Prefill-as-a-Service: Cross-Datacenter KVCache Transport for Hybrid Attention Models

Tools & Engineering

The Engineer

20 Apr 2026 · 3 min read

PrfaaS breaks the barriers of traditional PD architectures by enabling efficient cross-datacenter KVCache transport, unlocking hybrid attention models for wider deployment without high-bandwidth network constraints.

In the world of large-scale language model (LLM) serving, prefill-decode (PD) disaggregation has become a standard practice. This approach separates the compute-intensive prefill phase from the memory-bandwidth-intensive decode phase, allowing each to be optimized independently. However, traditional PD architectures are constrained by the need for high-bandwidth networks to transfer large KVCache data between these phases, limiting their deployment to within a single datacenter.

A team of researchers from Moonshot AI and Tsinghua University has introduced Prefill-as-a-Service (PrfaaS), a novel architecture that enables cross-datacenter PD serving. PrfaaS selectively offloads long-context prefill tasks to specialized compute-dense clusters and transfers the resulting KVCache over commodity Ethernet to local decode clusters. This design addresses several challenges, including bursty workloads, skewed request lengths, uneven prefix cache distribution, and fluctuating inter-cluster bandwidth.

Key Technical Changes and Their Implications

Hybrid Attention Models: Recent advancements in hybrid attention architectures have significantly reduced the size of KVCache data. Unlike conventional dense-attention models, which generate large amounts of KVCache traffic during prefill, hybrid models produce much smaller KVCache outputs. This reduction is crucial because it makes cross-datacenter transport feasible.
Selective Offloading: PrfaaS does not simply externalize all prefill tasks to remote clusters. Instead, it selectively offloads long-context prefill tasks, which are more compute-intensive and generate larger KVCache data. Shorter contexts can be handled locally, reducing the overall bandwidth requirements and improving efficiency.
Bandwidth-Aware Scheduling: To manage the variability in inter-cluster bandwidth, PrfaaS employs a bandwidth-aware scheduling mechanism. This ensures that prefill tasks are assigned to clusters based on current network conditions, minimizing congestion and maximizing resource utilization.
Cache-Aware Request Placement: The system also considers the distribution of prefix caches when placing requests.

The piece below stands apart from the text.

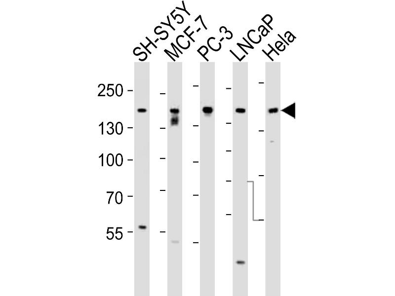This Tuberin (TSC2) antibody is generated from rabbits immunized with a KLH conjugated synthetic peptide between 1776-1805 amino acids from human Tuberin (TSC2).

By intelligently routing requests to clusters with relevant cache data, PrfaaS reduces the need for redundant KVCache transfers and improves overall performance.

Implementation Details

Architecture:
- Prefill Clusters: These are compute-dense clusters optimized for handling long-context prefill tasks.
- Decode Clusters: These clusters focus on the decode phase and are connected to local storage for KVCache data.
- Cross-Datacenter Network: Commodity Ethernet is used to transfer KVCache data between prefill and decode clusters, eliminating the need for expensive high-bandwidth networks.
KVCache Efficiency:
- Hybrid attention models reduce the size of KVCache data by up to several orders of magnitude compared to dense-attention models.
- This efficiency is achieved through a combination of sparse attention mechanisms and optimized cache management techniques.
Performance Benchmarks:
- In a case study using an internal 1T-parameter hybrid model, PrfaaS demonstrated significant improvements in serving throughput.
- The heterogeneous deployment with PrfaaS achieved 54% higher throughput compared to a homogeneous PD setup.
- It also outperformed a naive heterogeneous baseline by 32%, while consuming only modest cross-datacenter bandwidth.

Why This Matters for Practitioners

For practitioners and system architects, the introduction of PrfaaS offers several key benefits:

Resource Elasticity: By decoupling prefill and decode phases, organizations can independently scale these components across different datacenters. This flexibility is crucial for managing varying workloads and optimizing resource utilization.
Cost Efficiency: Using commodity Ethernet for cross-datacenter communication reduces the need for specialized high-bandwidth networks, lowering infrastructure costs.
Improved Throughput: The combination of model-side KV efficiency and system-side optimizations results in higher serving throughput, which can translate to better user experiences and more efficient use of computational resources.

Conclusion

PrfaaS represents a significant step forward in the deployment of large-scale LLMs. By addressing the limitations of traditional PD architectures, it enables more flexible, cost-effective, and high-performance cross-datacenter deployments. For organizations looking to scale their LLM serving capabilities, PrfaaS provides a promising solution.